We freeze-dried reagents for the three enzymatic reaction steps of the minisequencing method; PCR, PCR-cleanup and minisequencing, as well as the hybridization buffer. These reactions include two different types of thermostable
DNA polymerases used in the PCR and minisequencing reaction, and the
thermo-sensitive enzymes Exonuclease I (ExoI) and shrimp alkaline phosphatase (SAP) for PCR purification. During freeze-drying the molecules are
exposed to stress which may lead to reduced enzyme activity when rehy51
drated, mainly because of altered molecule structure. The addition of stabilizing substances, lyoprotectants, may enhance the enzyme stability and the recovery rate.
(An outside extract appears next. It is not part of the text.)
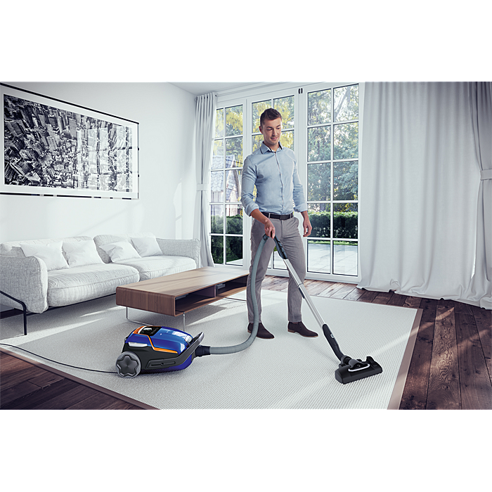 Sáčkový vysavač Electrolux s indikací plného sáčku, regulací výkonu a příkonem 850 W.
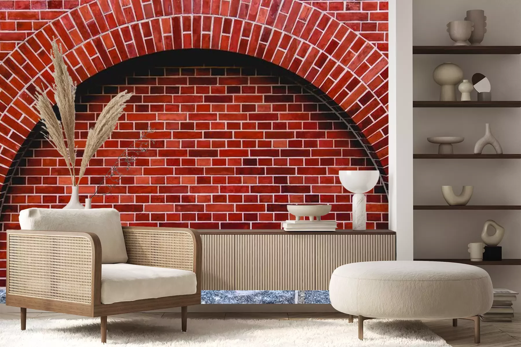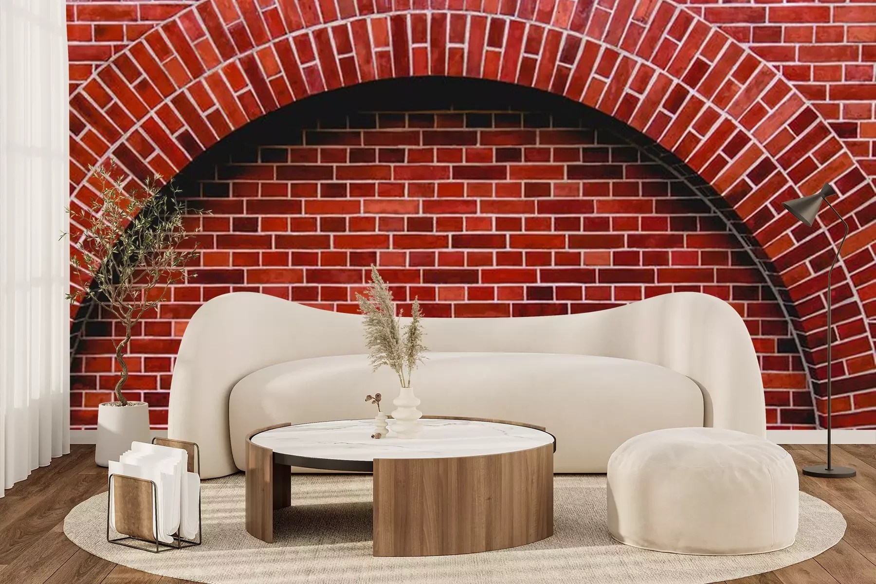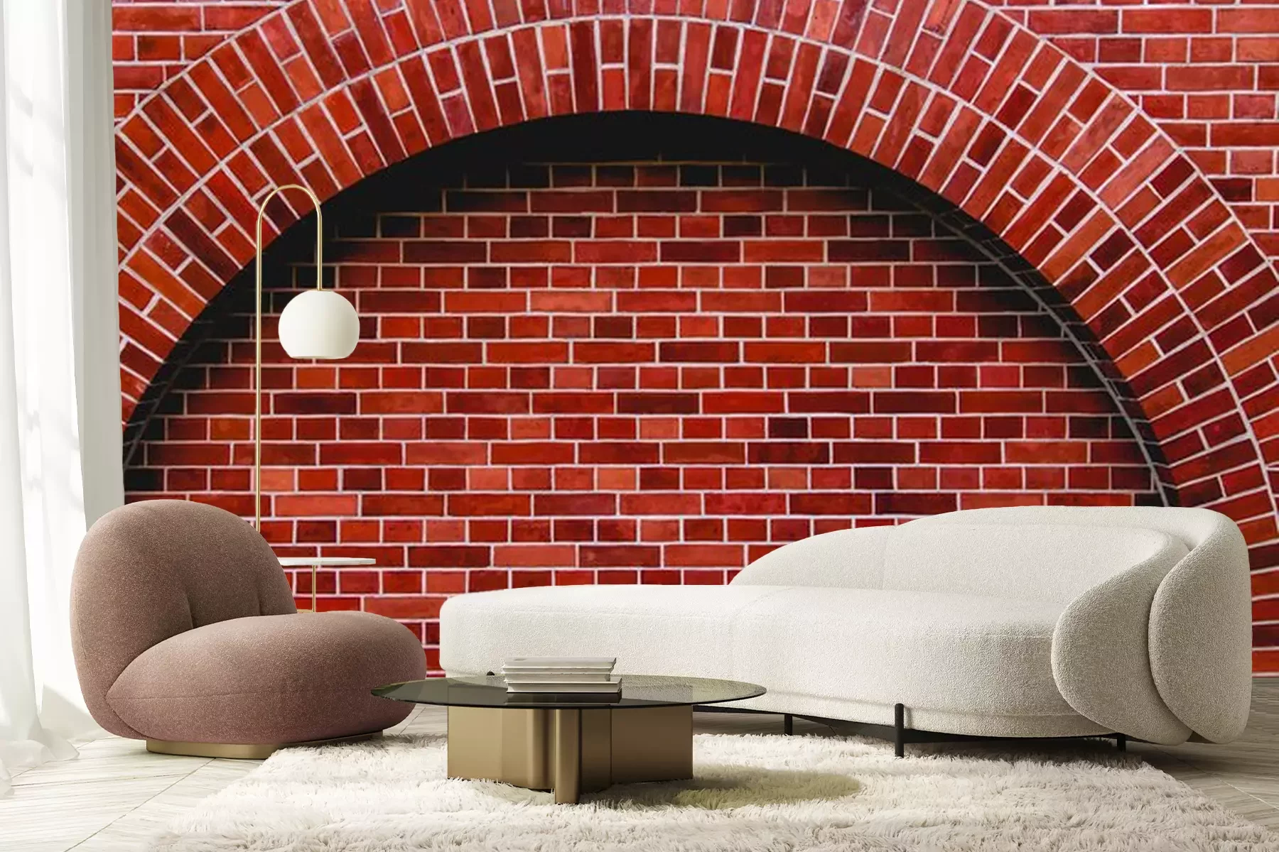 Papier peint  Arc en brique 3d devant un mur

Lyoprotectants might however also affect the overall reaction
performance by themselves inhibiting the active molecule. We performed
combinatorial real-time PCR experiments to investigate the activity of the
DNA polymerase when freeze-dried both without and in the presence of a
combination of the four lyoprotectants; trehalose, polyethylene glycol (PEG),
mannitol and dextran, at different concentrations. The enzyme activity was
high for all concentrations of lyoprotectants tested and no inhibitory or cooperative effects from lyoprotectants were observed. Although high performance
was expected for the robust DNA polymerase, confirmed activity for the special SmartTaq enzyme suitable for multiplex PCR, was important. All reactions that included PEG resulted in a lower PCR yield and consequently we
removed it from all mixtures.
The stability of the active constituent over time is critical. When performing a
long-term stability test on the DNA polymerase, we obtained nice PCR products using dry mixtures stored up to six month. This result was attained even
when low concentrations of lyoprotectants were included in the mixture. The
novel aspect of our study is the freeze-drying of the thermo-sensitive enzymes
ExoI and SAP, which are expected to be more fragile and sensitive to the
freeze-drying procedure. We performed accelerated stability tests on these
enzymes, which enabled a prediction of the shelf life in a shorter time span. In
our experiment freeze-dried samples of ExoI and SAP were incubated at elevated temperatures for five days, and the residual enzymatic activities were
measured with two fluorescence assays. These experiments revealed a clear
stability dependence both on storage temperature and lyoprotectant concentration. The experimental data was used to predict the half life of the enzymes to
50 days for ExoI and 200 days for SAP stored at-21ºC. Our results are the first
to show the feasibility of freeze-drying ExoI and SAP. In the establishment of
optimal reaction protocols for the integrated assay we also considered the effect of lyoprotectant accumulation in consecutive reaction chambers.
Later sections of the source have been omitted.